## WORK INSTRUCTIONS
Please return the lines from the one with "おばけごはん、豚しゃぶ、焼きとうもろこし、 夏野菜のみそ汁、ぶどう" through the end of the listing below, word for word, with every picture left out.

## DATASET SECTION
----
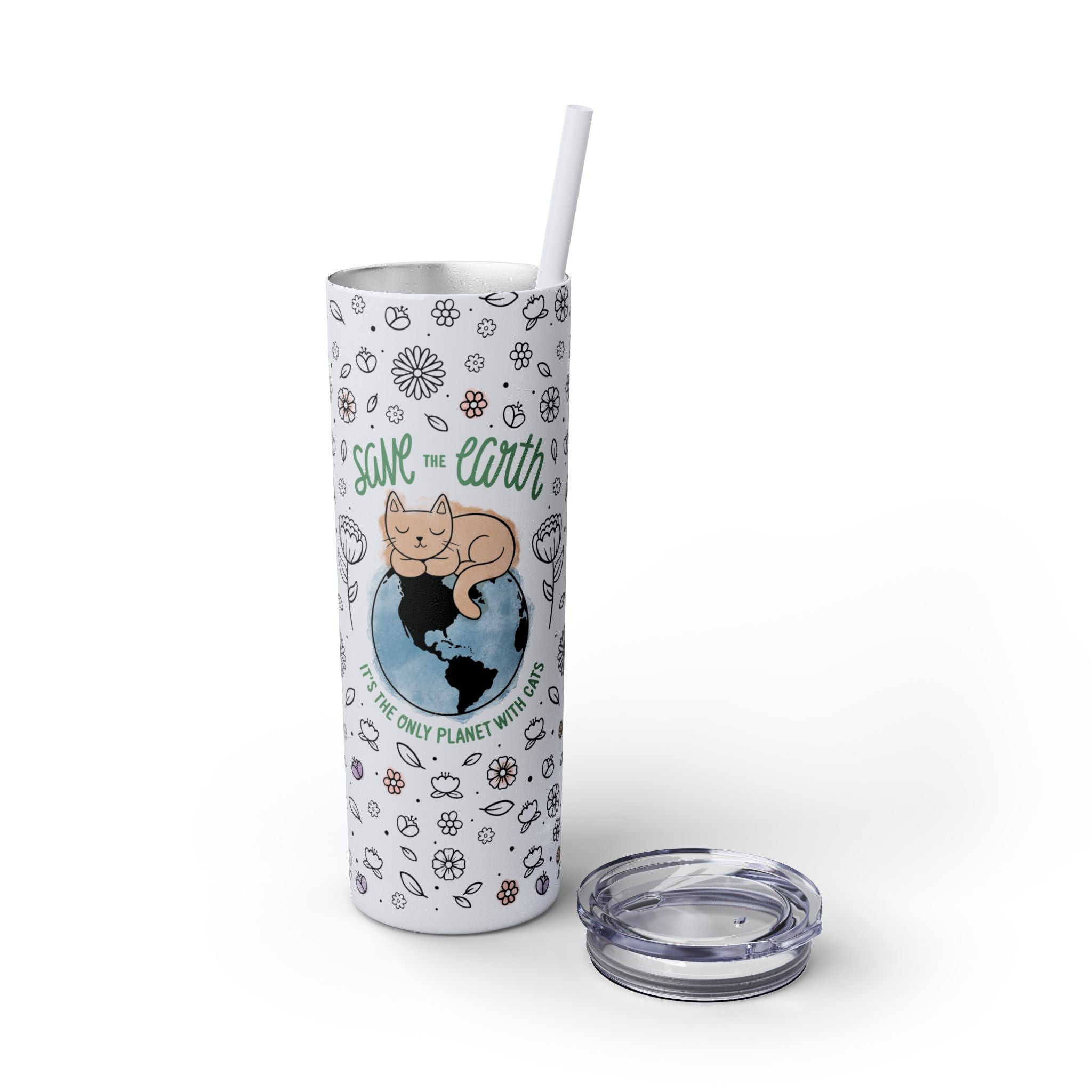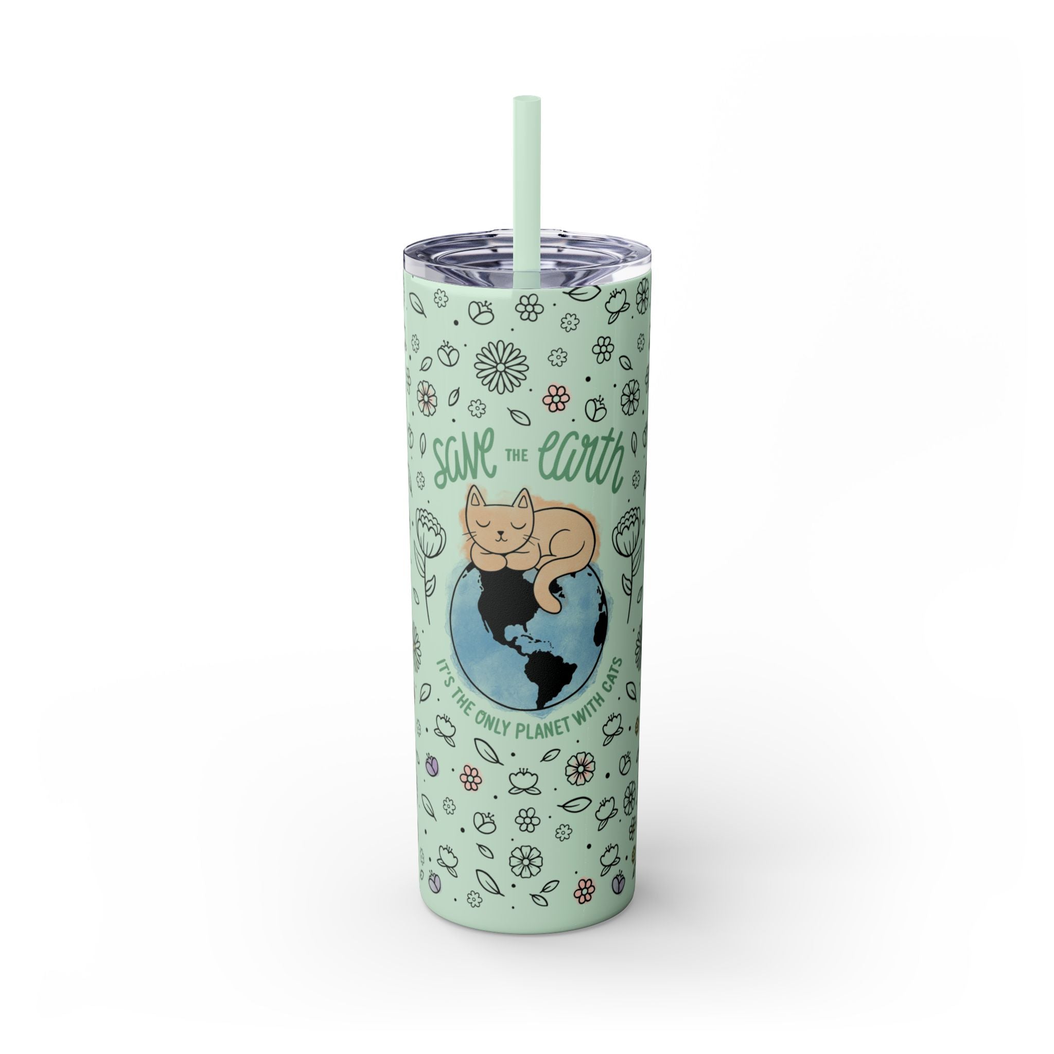 This reusable stainless steel tumbler features our signature quote, “Save the Earth: It’s the Only Planet with Cats,” set against a whimsical floral pattern and soft pastel watercolor accents. The glossy glitter finish adds a sparkling touch that catches the light and turns heads wherever you go.
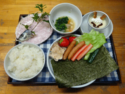 おばけごはん、豚しゃぶ、焼きとうもろこし、 夏野菜のみそ汁、ぶどう
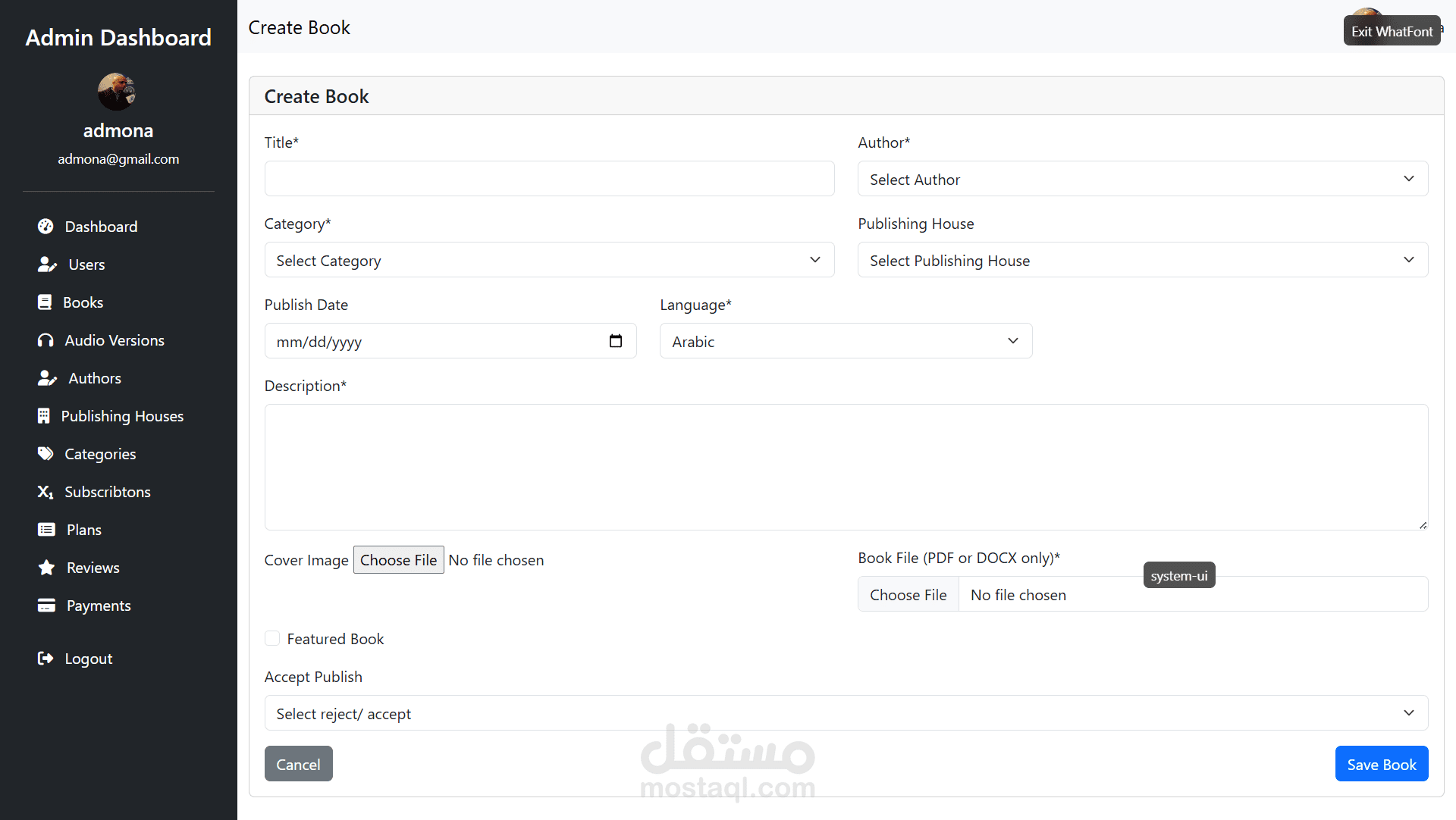 - يضيف قائمة كتب، مؤلف، دور نشر، مستخدم (ناشر، راوى، ادمن)، خطط للاشتراك،
----
## ANSWER AREA
 おばけごはん、豚しゃぶ、焼きとうもろこし、 夏野菜のみそ汁、ぶどう
 - يضيف قائمة كتب، مؤلف، دور نشر، مستخدم (ناشر، راوى، ادمن)، خطط للاشتراك،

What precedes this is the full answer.